→ **What is being asked**: Your answer should hold exactly the lines below from the line with "Madewell Notched V-Neck" through the line with "意味不明あだ名 | 『住所不定無職ポピ(11歳)』『永久保存ポピ』 |", both included, and no pictures at all.

→ **Provided records**:
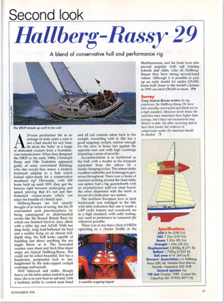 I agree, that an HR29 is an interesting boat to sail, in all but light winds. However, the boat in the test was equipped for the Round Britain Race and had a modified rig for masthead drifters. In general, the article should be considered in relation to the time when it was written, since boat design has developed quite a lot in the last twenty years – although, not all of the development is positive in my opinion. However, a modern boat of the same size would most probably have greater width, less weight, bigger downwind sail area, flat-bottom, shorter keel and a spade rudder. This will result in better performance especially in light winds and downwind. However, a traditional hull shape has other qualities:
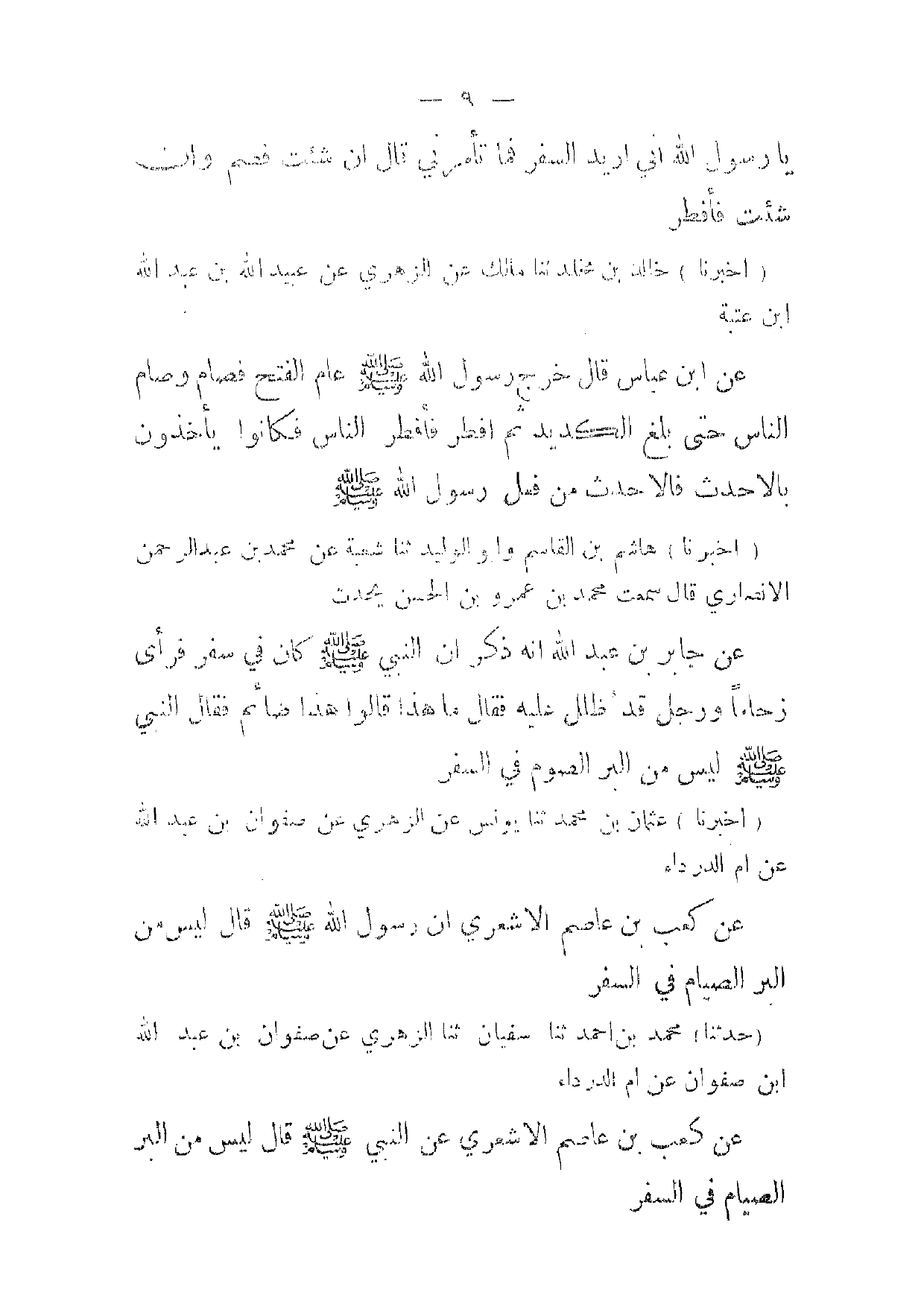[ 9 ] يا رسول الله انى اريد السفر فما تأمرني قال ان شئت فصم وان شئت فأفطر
==
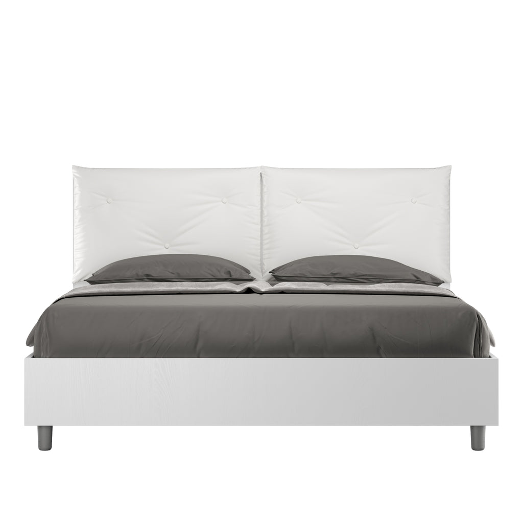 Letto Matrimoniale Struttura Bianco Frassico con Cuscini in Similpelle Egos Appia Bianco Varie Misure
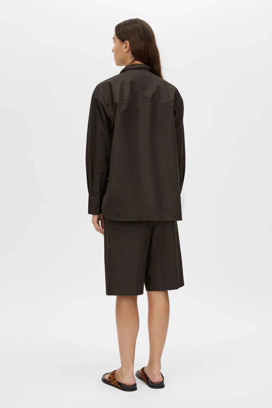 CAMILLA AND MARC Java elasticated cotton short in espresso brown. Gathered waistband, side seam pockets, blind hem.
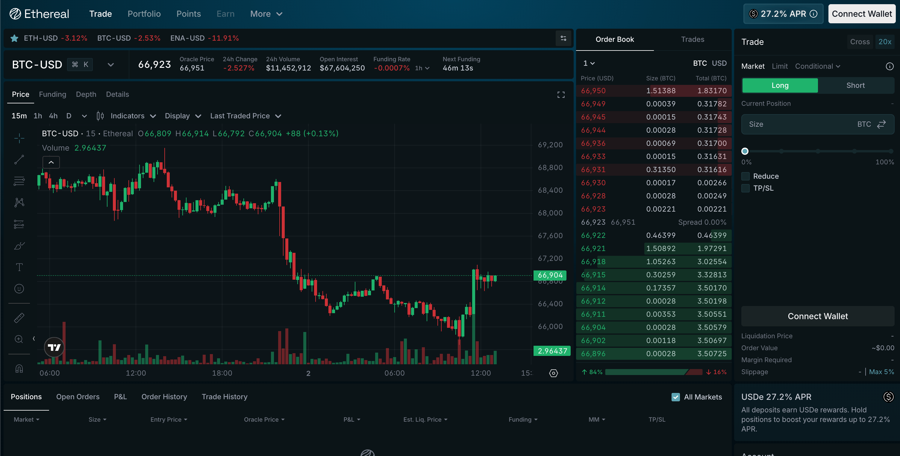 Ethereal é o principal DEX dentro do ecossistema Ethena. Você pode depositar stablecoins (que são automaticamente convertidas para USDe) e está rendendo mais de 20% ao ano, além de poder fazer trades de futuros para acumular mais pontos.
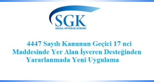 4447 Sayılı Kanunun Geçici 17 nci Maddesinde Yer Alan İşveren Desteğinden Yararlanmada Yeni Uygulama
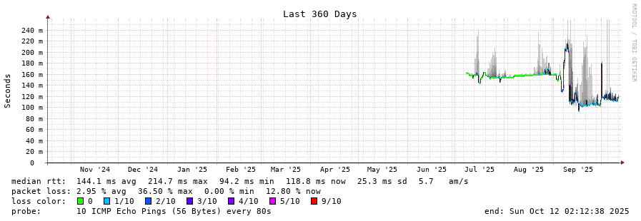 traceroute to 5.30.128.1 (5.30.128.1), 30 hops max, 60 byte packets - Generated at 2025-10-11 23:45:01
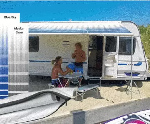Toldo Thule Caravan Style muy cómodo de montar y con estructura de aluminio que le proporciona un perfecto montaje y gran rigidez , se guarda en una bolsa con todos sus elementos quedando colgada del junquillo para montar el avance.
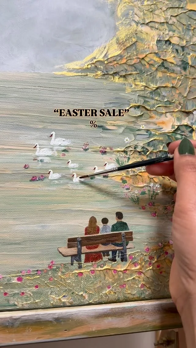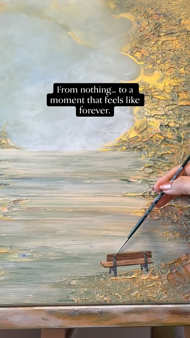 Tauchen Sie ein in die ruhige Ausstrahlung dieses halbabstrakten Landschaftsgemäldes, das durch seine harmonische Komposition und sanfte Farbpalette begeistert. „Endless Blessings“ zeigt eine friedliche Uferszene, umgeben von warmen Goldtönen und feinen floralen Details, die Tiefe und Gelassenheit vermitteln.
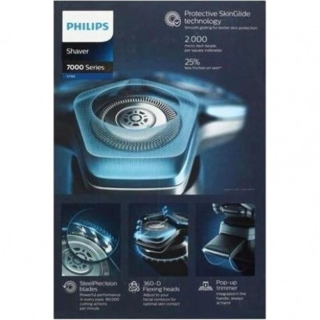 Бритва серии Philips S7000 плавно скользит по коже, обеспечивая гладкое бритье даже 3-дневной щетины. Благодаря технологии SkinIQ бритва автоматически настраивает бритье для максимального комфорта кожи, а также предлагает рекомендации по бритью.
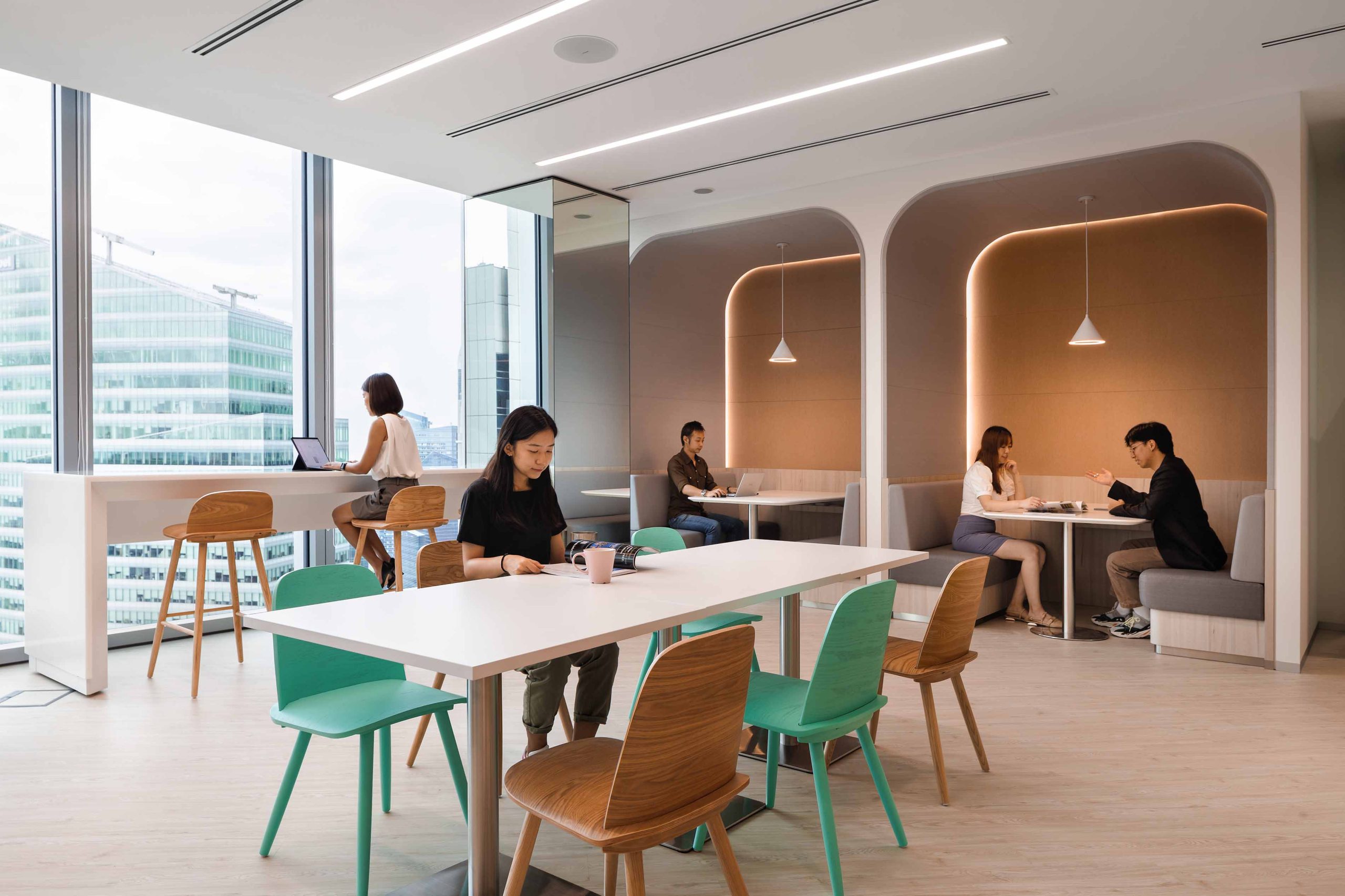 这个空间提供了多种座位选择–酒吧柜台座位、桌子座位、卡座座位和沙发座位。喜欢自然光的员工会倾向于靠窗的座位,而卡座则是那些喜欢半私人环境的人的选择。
...
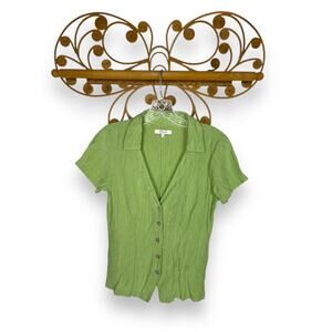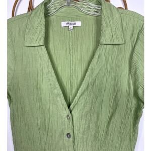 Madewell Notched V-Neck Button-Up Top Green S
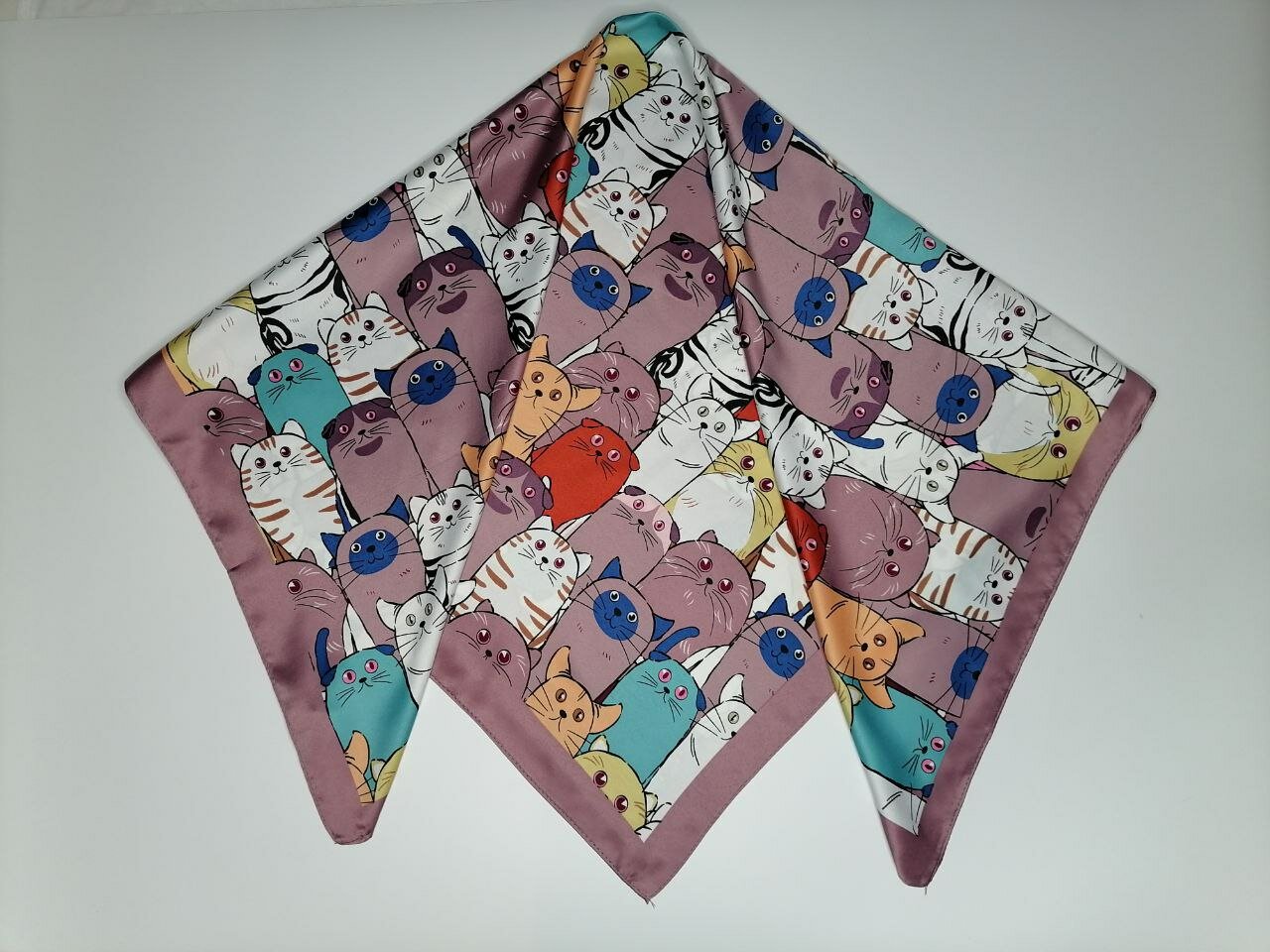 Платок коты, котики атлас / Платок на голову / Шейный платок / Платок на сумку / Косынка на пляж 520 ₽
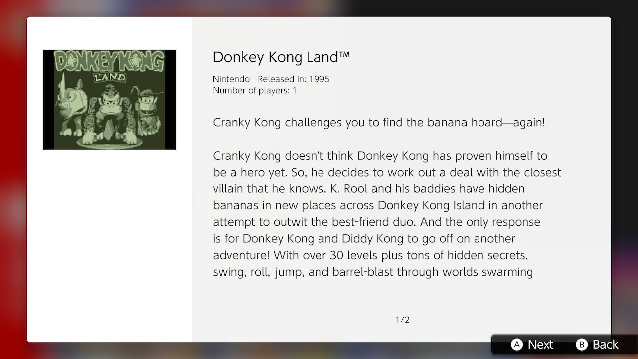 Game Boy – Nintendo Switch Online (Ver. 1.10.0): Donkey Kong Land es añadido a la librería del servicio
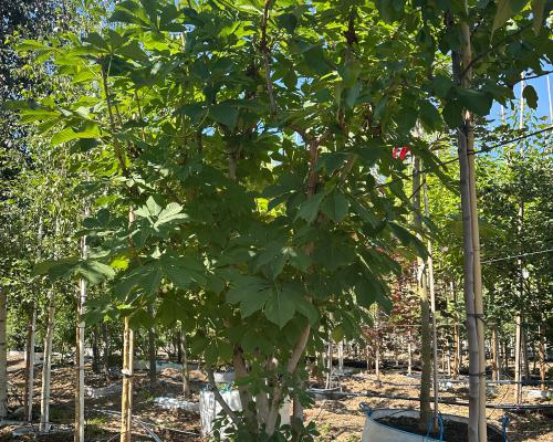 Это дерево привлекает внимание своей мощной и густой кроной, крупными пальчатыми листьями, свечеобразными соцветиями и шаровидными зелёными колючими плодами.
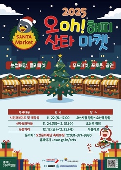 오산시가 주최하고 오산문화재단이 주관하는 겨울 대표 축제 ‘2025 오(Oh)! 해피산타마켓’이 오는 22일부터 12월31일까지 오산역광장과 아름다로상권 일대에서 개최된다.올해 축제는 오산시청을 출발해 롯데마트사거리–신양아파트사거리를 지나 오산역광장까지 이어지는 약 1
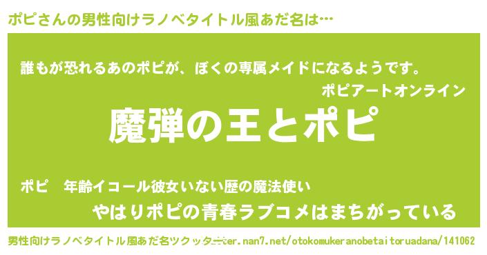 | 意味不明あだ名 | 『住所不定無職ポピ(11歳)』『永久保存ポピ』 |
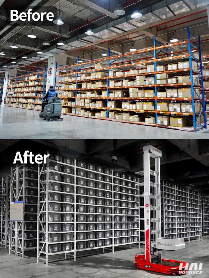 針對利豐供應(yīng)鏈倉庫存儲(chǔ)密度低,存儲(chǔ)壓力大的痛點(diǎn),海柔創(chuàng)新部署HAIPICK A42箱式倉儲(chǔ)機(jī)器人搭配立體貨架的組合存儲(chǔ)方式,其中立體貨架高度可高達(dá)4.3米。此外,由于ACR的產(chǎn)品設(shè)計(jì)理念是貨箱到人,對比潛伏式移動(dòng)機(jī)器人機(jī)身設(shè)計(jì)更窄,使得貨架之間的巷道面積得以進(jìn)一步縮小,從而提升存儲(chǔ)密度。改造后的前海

→ **Exercise response**:
 Madewell Notched V-Neck Button-Up Top Green S
 Платок коты, котики атлас / Платок на голову / Шейный платок / Платок на сумку / Косынка на пляж 520 ₽
 Game Boy – Nintendo Switch Online (Ver. 1.10.0): Donkey Kong Land es añadido a la librería del servicio
 Это дерево привлекает внимание своей мощной и густой кроной, крупными пальчатыми листьями, свечеобразными соцветиями и шаровидными зелёными колючими плодами.
 오산시가 주최하고 오산문화재단이 주관하는 겨울 대표 축제 ‘2025 오(Oh)! 해피산타마켓’이 오는 22일부터 12월31일까지 오산역광장과 아름다로상권 일대에서 개최된다.올해 축제는 오산시청을 출발해 롯데마트사거리–신양아파트사거리를 지나 오산역광장까지 이어지는 약 1
 | 意味不明あだ名 | 『住所不定無職ポピ(11歳)』『永久保存ポピ』 |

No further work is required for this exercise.